Soybean’s wild relative,
G. soja, has been studied mainly to understand soybean domestication, but its high genetic diversity is known to contain desirable traits for crop improvement, including SCN resistance
[46]. GWAS was conducted on 1032
Glycine soja accessions in order to have a better understanding of wild soybean resistance against SCN
[47]. Ten SNPs significantly associated with resistance to SCN were found on chromosomes 2, 4, 9, 16 and 18, three of which were previously identified, but none of which were among the
rhg1 or
Rhg4 QTLs. These regions contained 83 gene models, and some were compatible with plant resistance against disease including: calcium-dependent phospholipid-binding protein, NB-ARC domains containing protein, LRR protein, cytochrome P450, and ethylene-responsive element binding factor. One specific gene, Glyma.18G102600, an NB-ARC domain containing protein, located in a strong linkage disequilibrium block on Chr. 18 seemed highly promising. A transcriptomics database of the response of resistant and susceptible
G. soja accessions to SCN was also created
[48]. Another GWAS on
G. soja lines identified SNPs on chromosomes 18 and 19 as being significantly associated with resistance to SCN (HG 2.5.7), as well as identified 58 gene candidates
[49]. From these, 16 were related to disease resistance, encoding LRR proteins, ring/U-box, receptor-like protein, and MYB transcription factor.
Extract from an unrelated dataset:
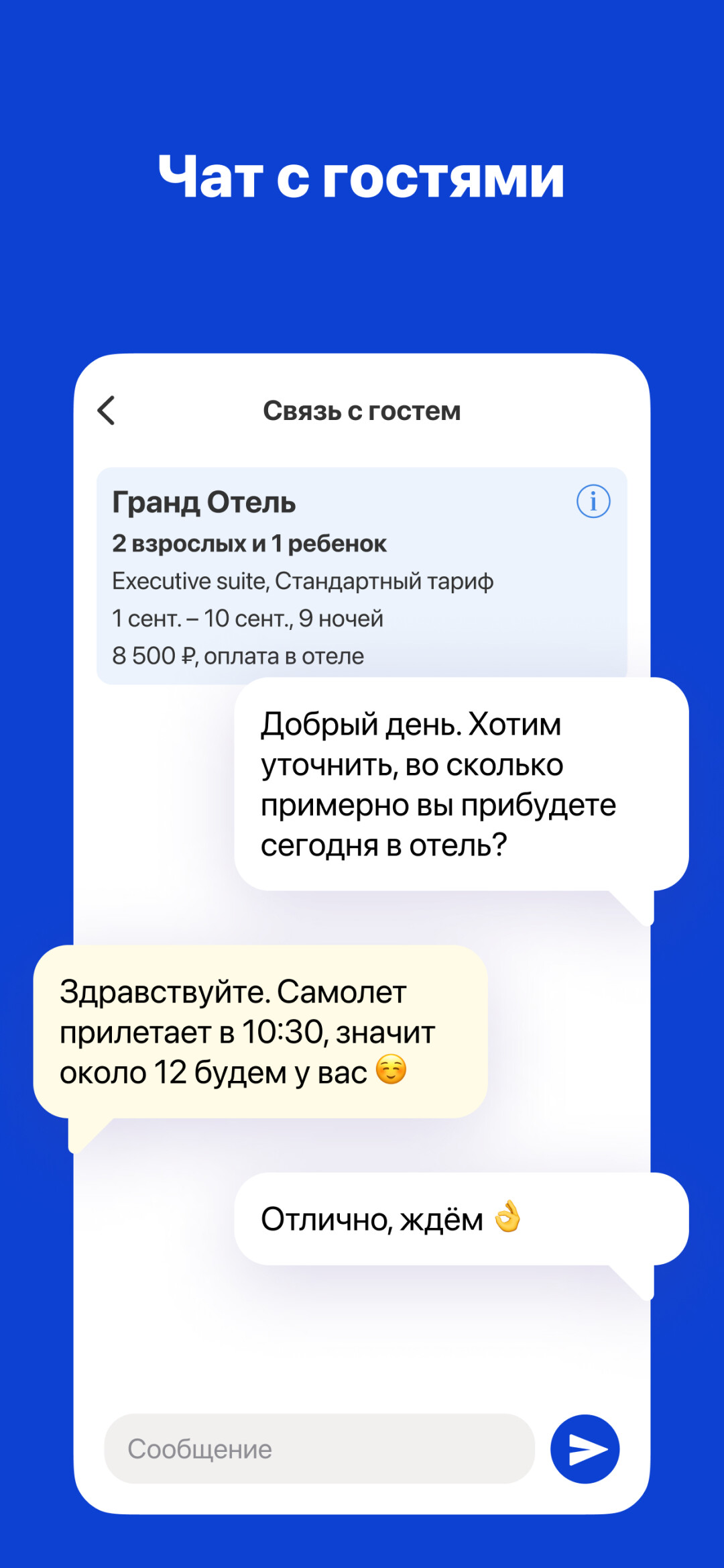 - «Сообщения» позволяет владельцам недвижимости связаться с гостями с помощью звонка или через чат и хранит историю переписки.

Other authors compared transcript expression of the resistant
G. soja line NRS100 to the well-known
G. max Williams 82 (susceptible) and Peking (resistant). The resistant
G. soja (NRS100) did not show any significant differential expression at SHMT, SNAP paralog or SNAP18 which are found in
rhg1 and
Rhg4. The proposed defense mechanism in NRS100 included reduced JA signalling which allowed SA signals to induce a defense response, along with increased polyamine metabolism triggering H
2O
2 regulation and induction of PR proteins which defend the integrity of the cell walls and hinder pathogen invasion
[50]. Finally, a cross between
G. max and
G. soja along with chromosome segment substitution lines (CSSLs) for QTL mapping of SCN resistance was performed
[51]. Thirty-three QTLs were detected on 18 different chromosomes with high significance in relation to SCN resistance. The CSSLs combining positive alleles were highly resistant to SCN in absence of
rhg1 and
Rhg4. These studies shed light on the importance of
G. soja germplasm and new strategies for resistance breeding.